(TASK DIRECTIONS)
The data below should be copied out exactly, with its pictures omitted.

(COLLECTED DATA)
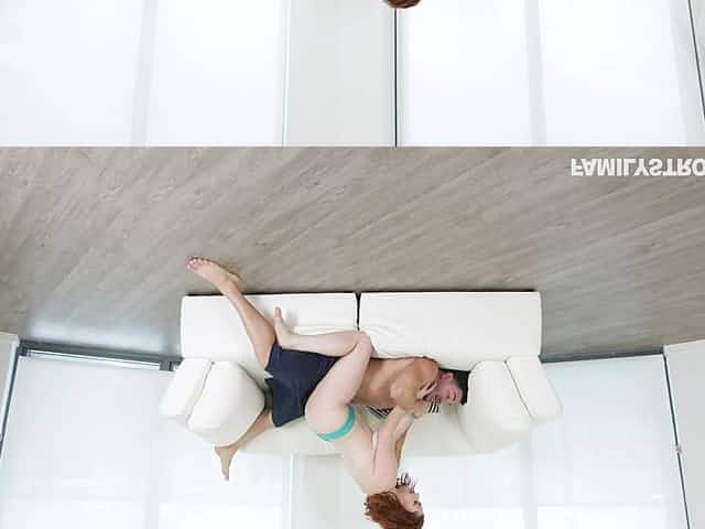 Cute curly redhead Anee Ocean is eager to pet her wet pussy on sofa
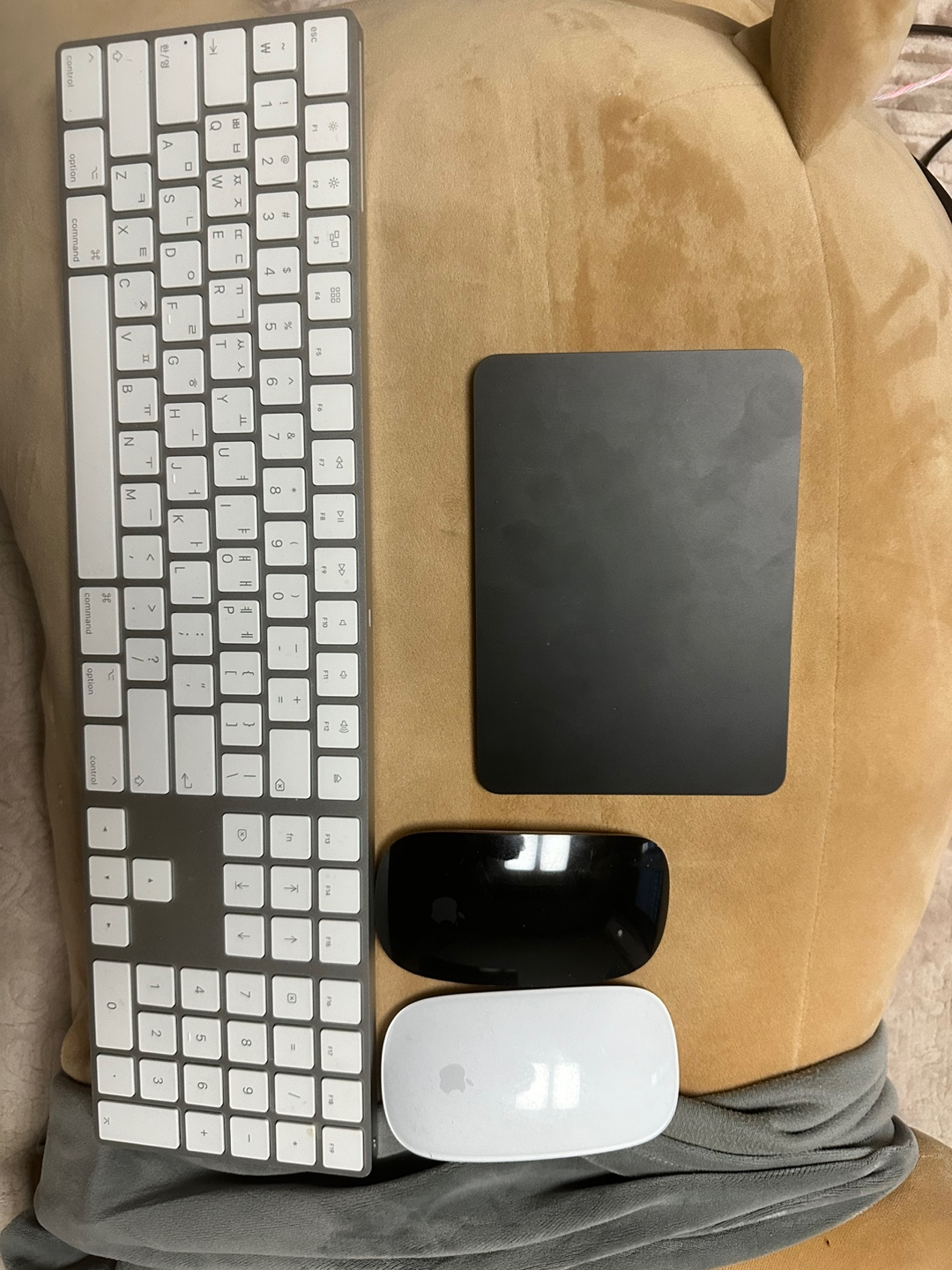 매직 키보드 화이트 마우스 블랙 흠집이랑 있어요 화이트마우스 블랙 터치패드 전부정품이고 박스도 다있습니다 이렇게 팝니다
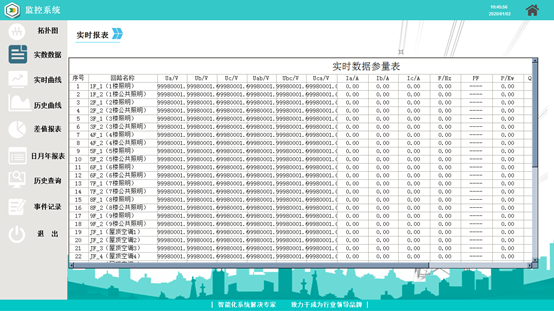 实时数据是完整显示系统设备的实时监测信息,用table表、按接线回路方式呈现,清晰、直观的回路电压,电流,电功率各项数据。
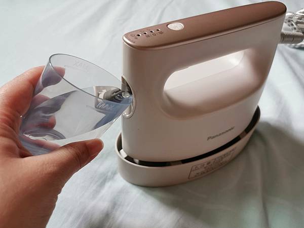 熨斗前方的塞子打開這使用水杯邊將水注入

(TASK ANSWER)
 Cute curly redhead Anee Ocean is eager to pet her wet pussy on sofa
 매직 키보드 화이트 마우스 블랙 흠집이랑 있어요 화이트마우스 블랙 터치패드 전부정품이고 박스도 다있습니다 이렇게 팝니다
 实时数据是完整显示系统设备的实时监测信息,用table表、按接线回路方式呈现,清晰、直观的回路电压,电流,电功率各项数据。
 熨斗前方的塞子打開這使用水杯邊將水注入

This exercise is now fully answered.